Using the material below, repeat exactly the lines from the one with "1000人余りが参加した「オ" through the one with "华为松山湖小火车行驶在背坡溪流村基地内", ends included, without any images.

### Data for processing

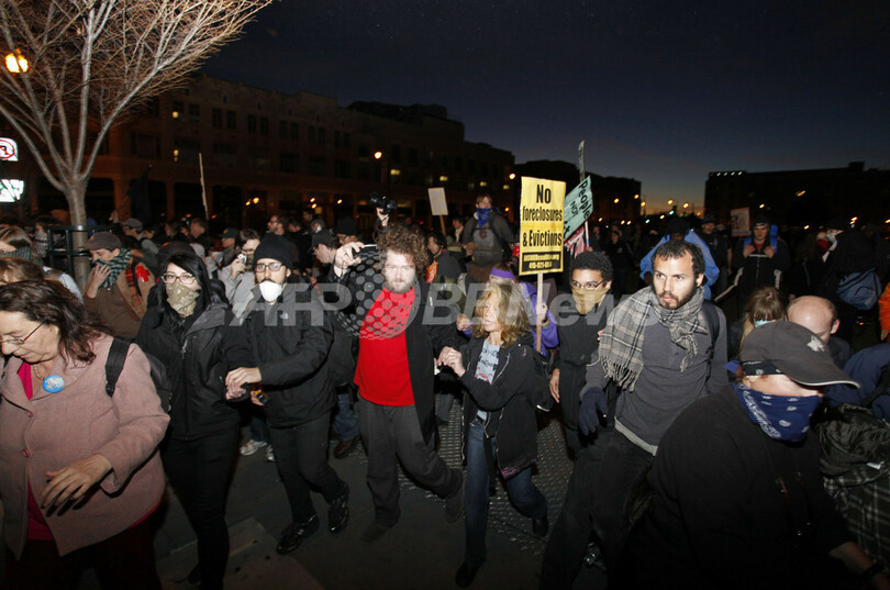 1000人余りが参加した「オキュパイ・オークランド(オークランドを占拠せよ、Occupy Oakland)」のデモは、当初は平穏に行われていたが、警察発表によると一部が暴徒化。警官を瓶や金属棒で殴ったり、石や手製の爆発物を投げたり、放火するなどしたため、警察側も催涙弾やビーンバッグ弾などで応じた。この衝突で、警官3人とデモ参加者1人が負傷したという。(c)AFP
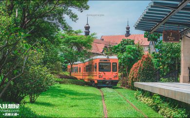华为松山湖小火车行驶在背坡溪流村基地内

######
### Data for processing

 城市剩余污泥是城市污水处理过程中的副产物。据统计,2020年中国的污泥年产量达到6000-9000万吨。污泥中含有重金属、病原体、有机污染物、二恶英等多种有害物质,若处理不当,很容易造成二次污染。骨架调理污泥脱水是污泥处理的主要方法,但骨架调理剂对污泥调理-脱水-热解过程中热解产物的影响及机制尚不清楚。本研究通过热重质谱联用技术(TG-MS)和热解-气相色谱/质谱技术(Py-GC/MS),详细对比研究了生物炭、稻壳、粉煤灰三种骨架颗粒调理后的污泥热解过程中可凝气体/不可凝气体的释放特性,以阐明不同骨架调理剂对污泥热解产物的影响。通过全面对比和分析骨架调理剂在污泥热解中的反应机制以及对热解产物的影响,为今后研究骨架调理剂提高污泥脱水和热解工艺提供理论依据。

######

*Output below*:
 1000人余りが参加した「オキュパイ・オークランド(オークランドを占拠せよ、Occupy Oakland)」のデモは、当初は平穏に行われていたが、警察発表によると一部が暴徒化。警官を瓶や金属棒で殴ったり、石や手製の爆発物を投げたり、放火するなどしたため、警察側も催涙弾やビーンバッグ弾などで応じた。この衝突で、警官3人とデモ参加者1人が負傷したという。(c)AFP
华为松山湖小火车行驶在背坡溪流村基地内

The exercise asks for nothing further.